Table of Contents
What is symmetric and antisymmetric tensors?
Antisymmetric and symmetric tensors A tensor A that is antisymmetric on indices and has the property that the contraction with a tensor B that is symmetric on indices and. is identically 0.
Is the cross product a tensor?
A cross product is a vector, therefore it’s a tensor. To a physicist it’s particularly an object which transforms tensorially under changes of coordinates, ie, with one copy of the coordinate transformation matrix per index.
Are tensor products symmetric?
The category of vector spaces with tensor product is an example of a symmetric monoidal category.

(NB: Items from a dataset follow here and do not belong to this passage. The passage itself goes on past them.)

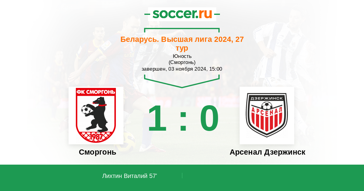 Протокол матча Сморгонь против Арсенал Дзержинск
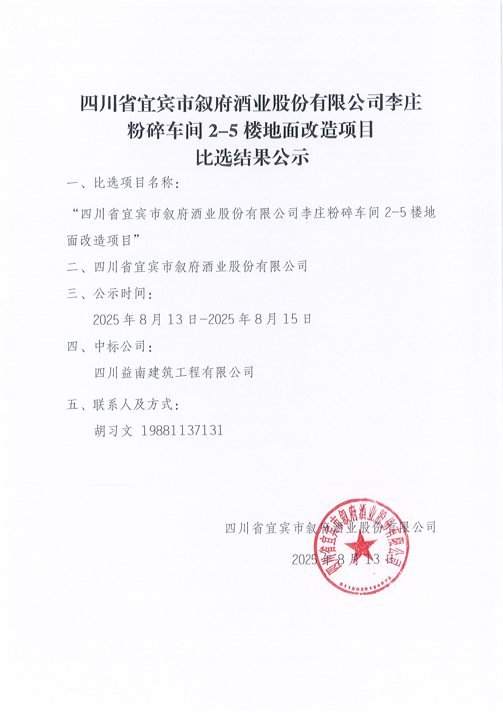 四川省宜賓市敘府酒業(yè)股份有限公司李莊粉碎車間2-5樓地面改造項目比選結(jié)果公告
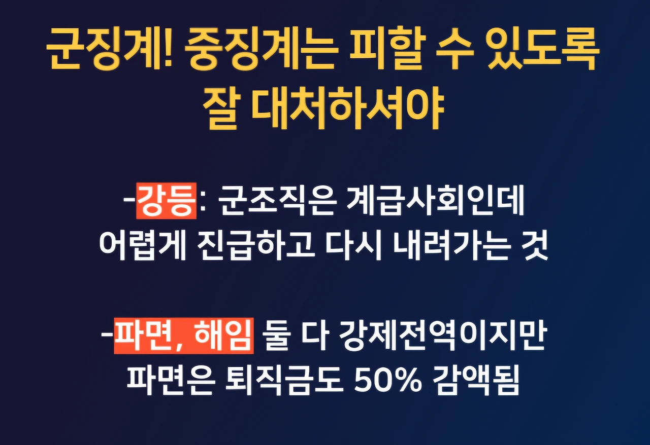 군인 징계의 종류는 크게 중징계와 경징계로 구분할 수 있습니다. 왜 중징계를 피해야 되는지, 중징계의 불이익 등에 대하여 설명 드리겠습니다.
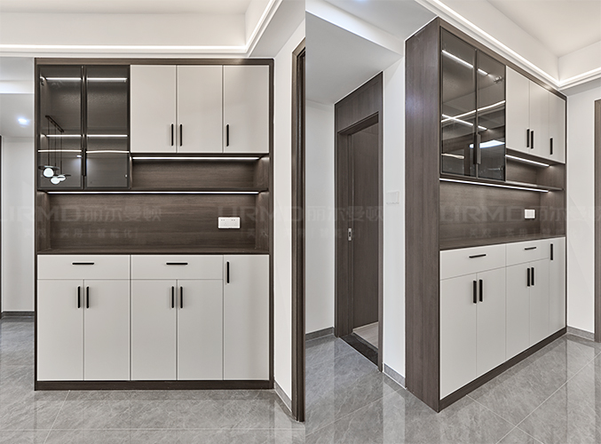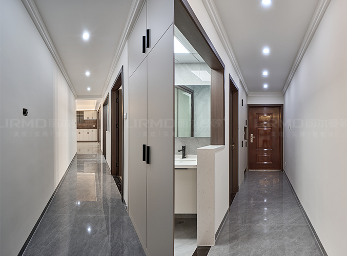 入戶是一條很長的走道,玄關位置做開放格設計,下方懸空設計,好放置鞋子,

The universal-property definition of a tensor product is valid in more categories than just the category of vector spaces.
What is the difference between antisymmetric and symmetric relations?
A symmetric relation can work both ways between two different things, whereas an antisymmetric relation imposes an order. A symmetric relation can work both ways between two different things, whereas an antisymmetric relation imposes an order.
What does the tensor product represent?
The tensor product of both vector spaces V = VI ⊗ VII is the vector space V of the overall system. If the dimensions of VI and VII are given by dim(VI) = nI and dim(VII) = nII, the dimension of V is given by the product dim(V) = nInII. The tensor product is linear in both factors.
What does tensor product represent?
Tensor product of graded vector spaces[edit] Some vector spaces can be decomposed into direct sums of subspaces. In such cases, the tensor product of two spaces can be decomposed into sums of products of the subspaces (in analogy to the way that multiplication distributes over addition).
What is the difference between tensor product and outer product?
In linear algebra, the outer product of two coordinate vectors is a matrix. More generally, given two tensors (multidimensional arrays of numbers), their outer product is a tensor. The outer product of tensors is also referred to as their tensor product, and can be used to define the tensor algebra.
Is the totally antisymmetric tensor a pseudo-tensor?
Presumably, if the opposite were true then cross products etc. would be defined according to a left-hand rule, and would, therefore, take minus their conventional values. The totally antisymmetric tensor is the prototype pseudo-tensor, and is, of course, conventionally defined with respect to a right-handed spatial coordinate system.
What is the difference between parity inversion and totally antisymmetric tensor?
The totally antisymmetric tensor is the prototype pseudo-tensor, and is, of course, conventionally defined with respect to a right-handed spatial coordinate system. A parity inversion converts left into right, and vice versa, and, thereby, effectively swaps left- and right-handed conventions.
What is an antisymmetric contraction?
A tensor A that is antisymmetric on indices i and j has the property that the contraction with a tensor B that is symmetric on indices i and j is identically 0. (antisymmetric part). Similar definitions can be given for other pairs of indices.
Why is the cross product of two vectors not a vector?
It is therefore actually something different from a vector. We call it an axial vector. It turns out this this type of cross productof vectors can only be treated as a vector in three dimensions. In reality it is an antisymmetric tensor. Since there are only three independent numbers in this tensor, it can be cast as a vector.